If you have ever wished for an assistant that can open web pages, grab the latest AI model rankings, and even create images for your blog—all without you touching a browser—this tutorial is for you.
We will use MCP (Model-Context-Protocol) and OpenAI gpt-oss-120B through Fireworks AI. All code is already inside the /browser-agent and /hf-mcp-server directories of the repository, so you can copy-paste and start experimenting immediately.

What You Will Build

Project	Core Skill	End Result
Local Browser Agent	Web automation	An agent that browses, searches, screenshots, and reports back in plain English
Hugging Face MCP Hub	AI-space orchestration	An agent that can call thousands of Hugging Face Spaces (text-to-image, text-to-video, etc.)

No GPU is required; everything runs either locally or on managed services.

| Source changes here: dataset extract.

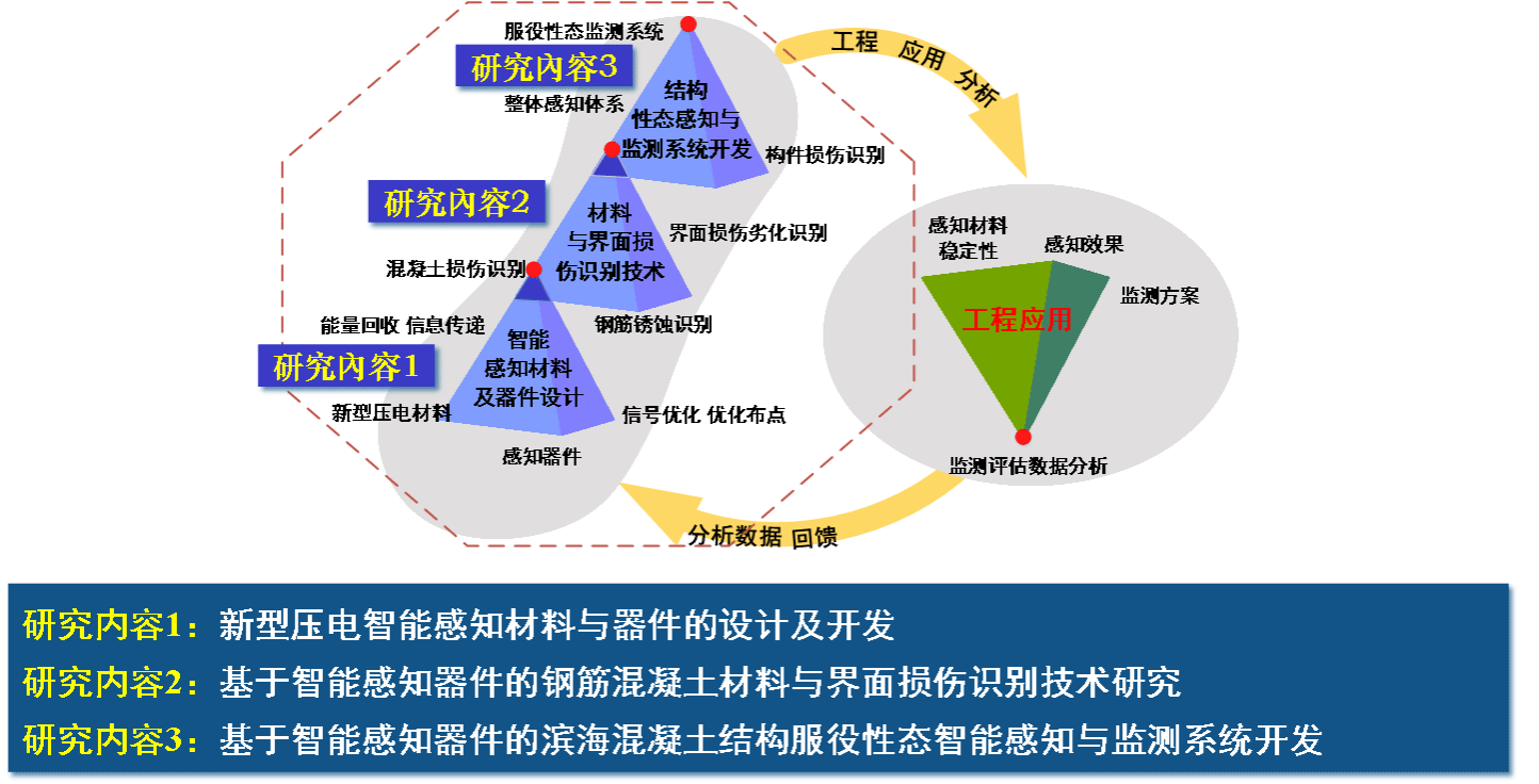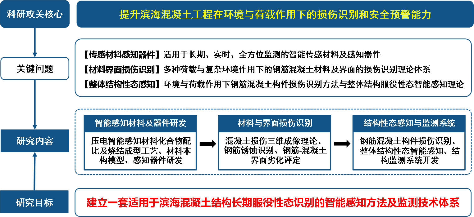 项目聚焦:(1)新型压电智能感知材料与器件的设计及制备;(2)基于智能感知器件的钢筋混凝土材料与界面损伤识别技术研发;(3)建立滨海混凝土结构服役性态智能感知理论;(4)搭建滨海重大混凝土工程长期服役性态监测系统,助推研究成果产业化。

Background: The MCP Ecosystem

1. What is MCP?

MCP is a lightweight protocol that lets any language model use external tools through a standardized interface.
Think of it as a USB-C port for AI: one plug, many devices.

2. Three Moving Parts

Part	Real-World Analogy	Responsibility
MCP Server	Browser plug-in	Exposes one specific capability (e.g., open Chrome, call an API)
MCP Client	Browser itself	Decides which plug-ins to load, passes user requests, returns results
Agent	End user	Writes or speaks a request in natural language

3. Why not use plain Function Calling?

Function Calling is tied to a single provider. MCP is provider-agnostic: today you run gpt-oss, tomorrow you swap to another model—no code change required.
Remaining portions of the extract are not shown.